#### WHAT THE TASK ASKS
Could you write out exactly, and only, the lines from the one containing "スヌーピーと共に、2023年" through the last line of the data, leaving out all pictures?

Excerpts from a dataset
::::

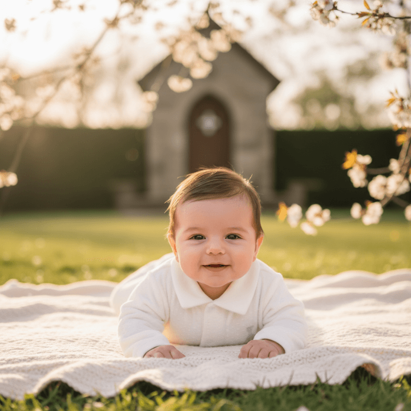 Door het werkje in de stof (jacquard) is het een extra luxe pakje. Dit boxpakje van velours. In een mooie verpakking is dit een mooi cadeau om te geven op een kraamfeest.
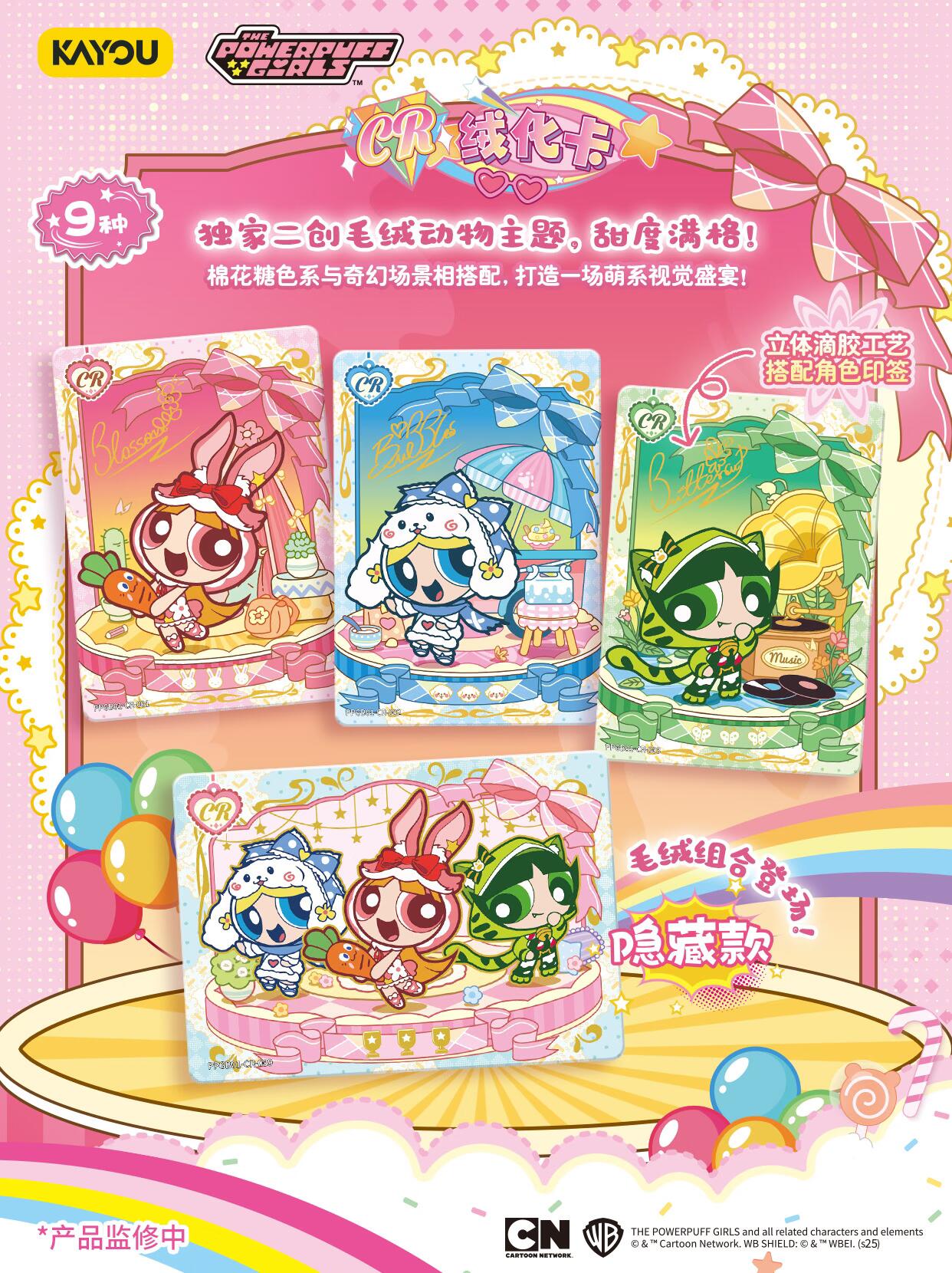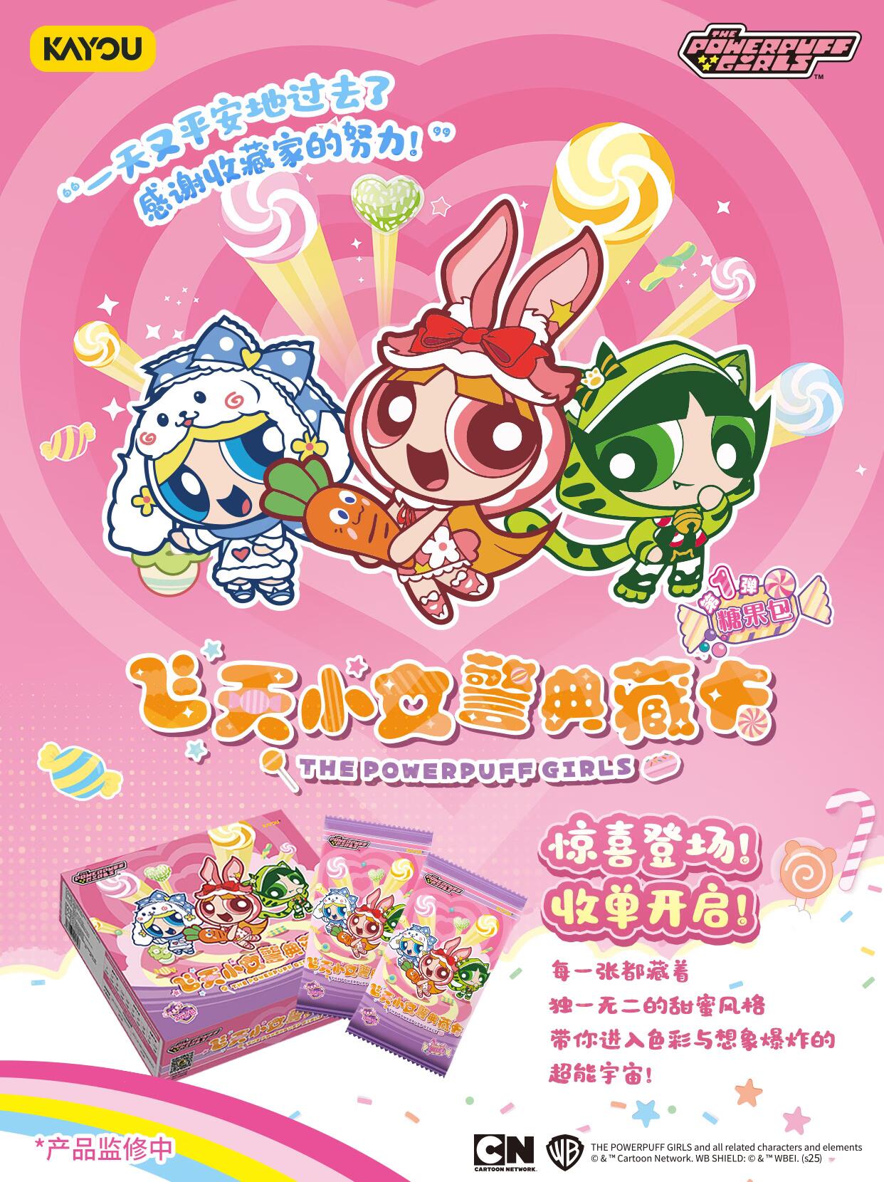 卡游飞天小女警典藏卡-糖果包 🍬卡游【THE POWERPUFF GIRLS-飞天小女警典藏卡-糖果包】3月11日-13日收单开启!🍬 📦预计发货时间3月16日 🎉“甜蜜碰撞”的糖果狂欢派对,用一场“甜蜜风暴”唤醒所有感官 🍮独家二创毛绒动物主题甜度满格登场,更有特别隐藏款小女警毛绒绒组合! 💪“一天又平安地过去了,感谢收藏家的努力!”
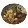 Marguerite Buret (Taverny 1841-? ) Oranges et pêches sur un entablement Framboises, grenades et corbeille de fiues Paire de toiles ovales 53,5 × 65 cm La première est signée et datée en bas à gauche M. Buret / 1862 La deuxième est signée et datée en bas à gauche Marguerite Buret / 1862
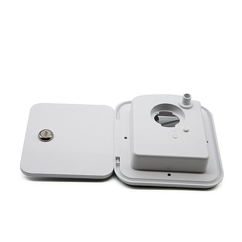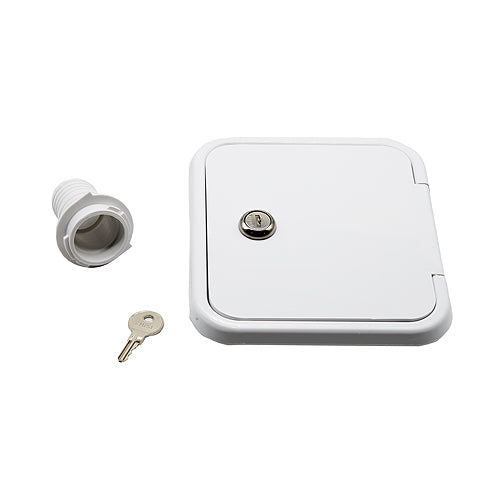 Gravity water fill with tank vent connection and Key Lock, made of durable plastic that can be painted to match any exterior; Accepts 1 1/4" or 1 3/8" water fill hose
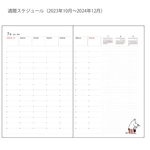 スヌーピーと共に、2023年10月から2024年12月までのスケジュールをカラフルに管理。週間バーチカルの方眼メモで自由度満点のスケジューリングを楽しもう!
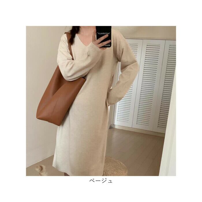 ニットワンピース Vネック レディース 秋 冬 ktds099
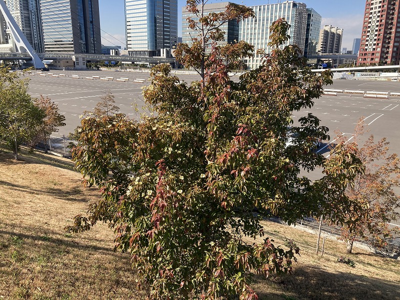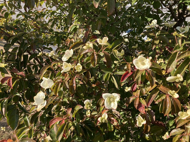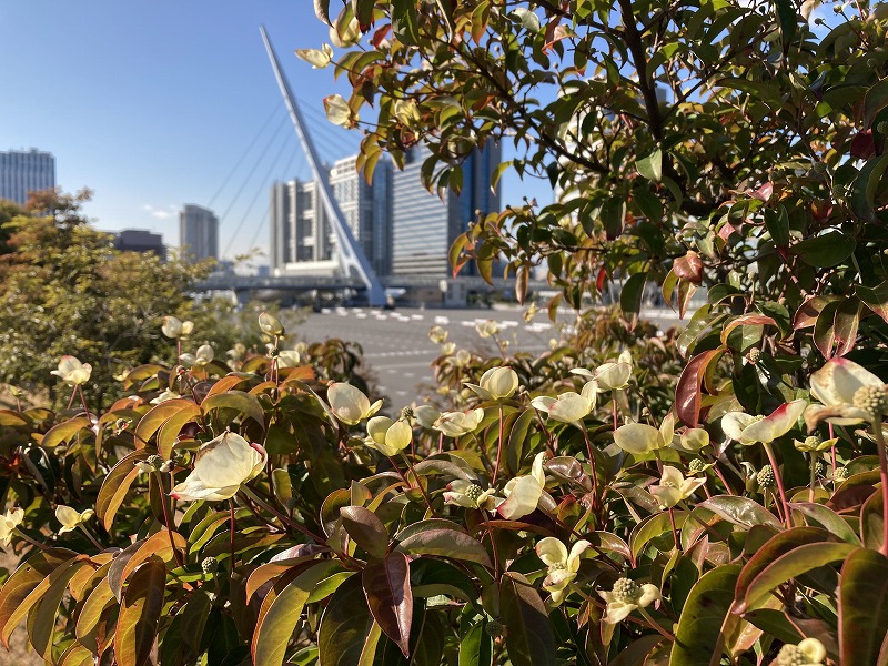 二季咲き品種で秋にも開花しやすく、シンボルプロムナード公園「夢の大橋」袂の本木は、毎年冬のこの時期まで花を咲かせます。

::::

#### PROBLEM SOLUTION
 スヌーピーと共に、2023年10月から2024年12月までのスケジュールをカラフルに管理。週間バーチカルの方眼メモで自由度満点のスケジューリングを楽しもう!
 ニットワンピース Vネック レディース 秋 冬 ktds099
 二季咲き品種で秋にも開花しやすく、シンボルプロムナード公園「夢の大橋」袂の本木は、毎年冬のこの時期まで花を咲かせます。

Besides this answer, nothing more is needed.